◆ EXERCISE PROMPT ◆
Set down, unchanged, the line holding "Pour la finale" and all lines that follow it to the end of the material, leaving pictures out.

◆ INFORMATION PROVIDED ◆

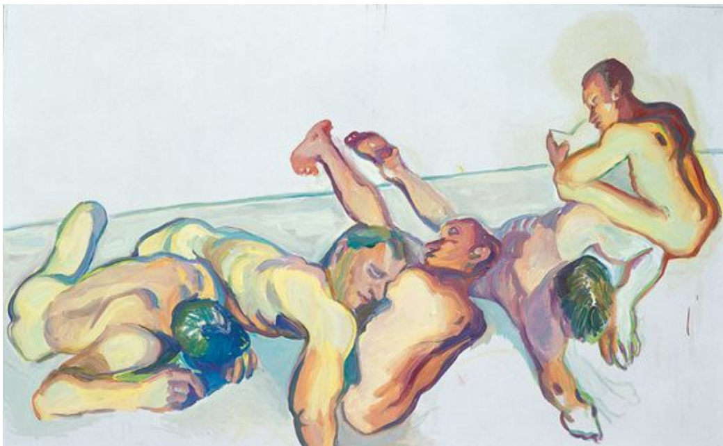
Maria Lassnig, Schlafende Männer
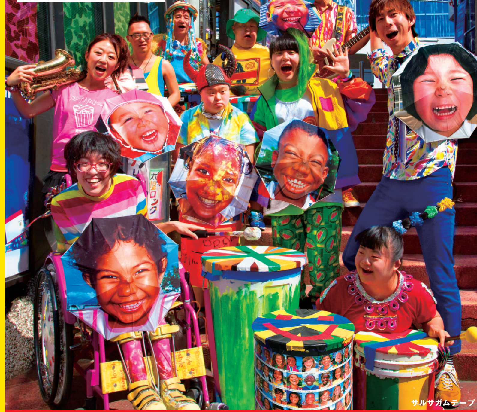
サルサガムテープ
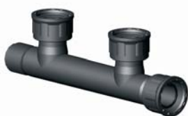
IG.434.XXX KM-BM-BM-BM elosztó 1" x 1" x 1" x 1"
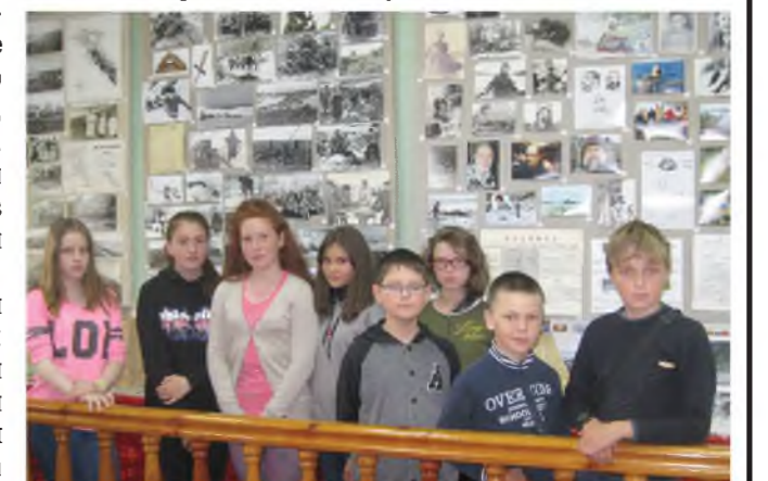
Юные волонтеры Алеутского краеведческого музея
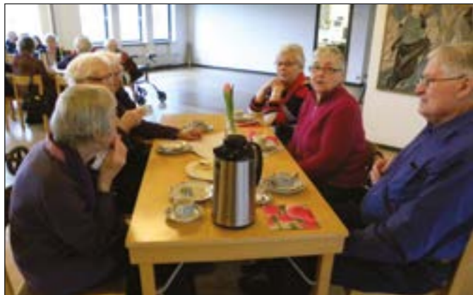
Dagledigträff i ett tomt församlingshem
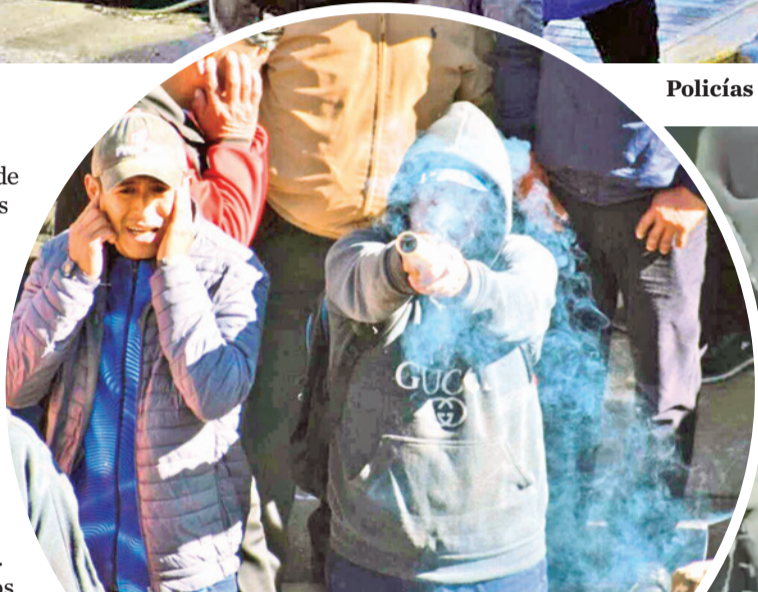
Manifestantes manipulan petardos.

Ante este panorama de convulsión, figuras políticas pidieron al Gobierno que encuentre
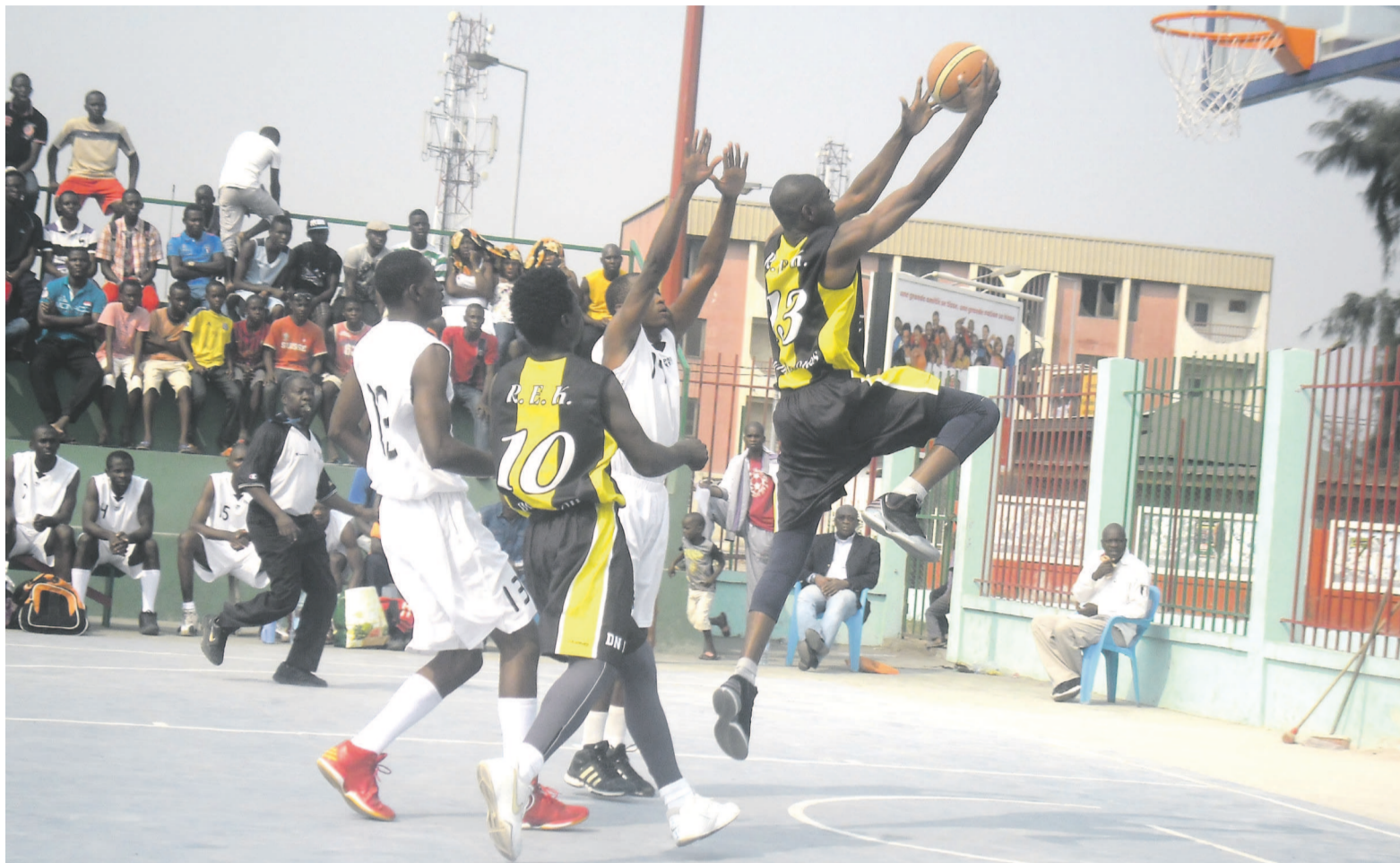
Une phase de jeu de la finale

Pour la finale du championnat départemental, les Diablotins ont abordé la rencontre en dominant. Dans les premières minutes du premier carton, les Noir-et-Jaune étaient maîtres du jeu bien avant que les basketteurs de l'Inter ne renversent la vapeur en emportant la partie 13 contre 9. Le deuxième carton a souri aux Diables noirs : 13 à 9 en leur faveur. À la pause, Inter club menait donc 22 à 20. De retour des vestiaires, Inter club n'a plus lâché prise, contraignant son adversaire à la défaite. Finalement, les militaires l'ont emporté 57 à 46. Une moyenne de buts jugée contre-performante par certains techniciens interrogés à ce sujet. Autant dire que les résultats
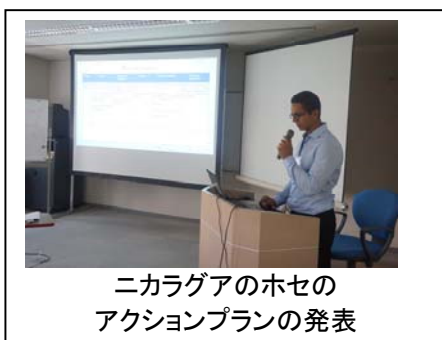
ニカラグアのホセの アクションプランの発表

◆ RESPONSE BELOW ◆
Pour la finale du championnat départemental, les Diablotins ont abordé la rencontre en dominant. Dans les premières minutes du premier carton, les Noir-et-Jaune étaient maîtres du jeu bien avant que les basketteurs de l'Inter ne renversent la vapeur en emportant la partie 13 contre 9. Le deuxième carton a souri aux Diables noirs : 13 à 9 en leur faveur. À la pause, Inter club menait donc 22 à 20. De retour des vestiaires, Inter club n'a plus lâché prise, contraignant son adversaire à la défaite. Finalement, les militaires l'ont emporté 57 à 46. Une moyenne de buts jugée contre-performante par certains techniciens interrogés à ce sujet. Autant dire que les résultats
ニカラグアのホセの アクションプランの発表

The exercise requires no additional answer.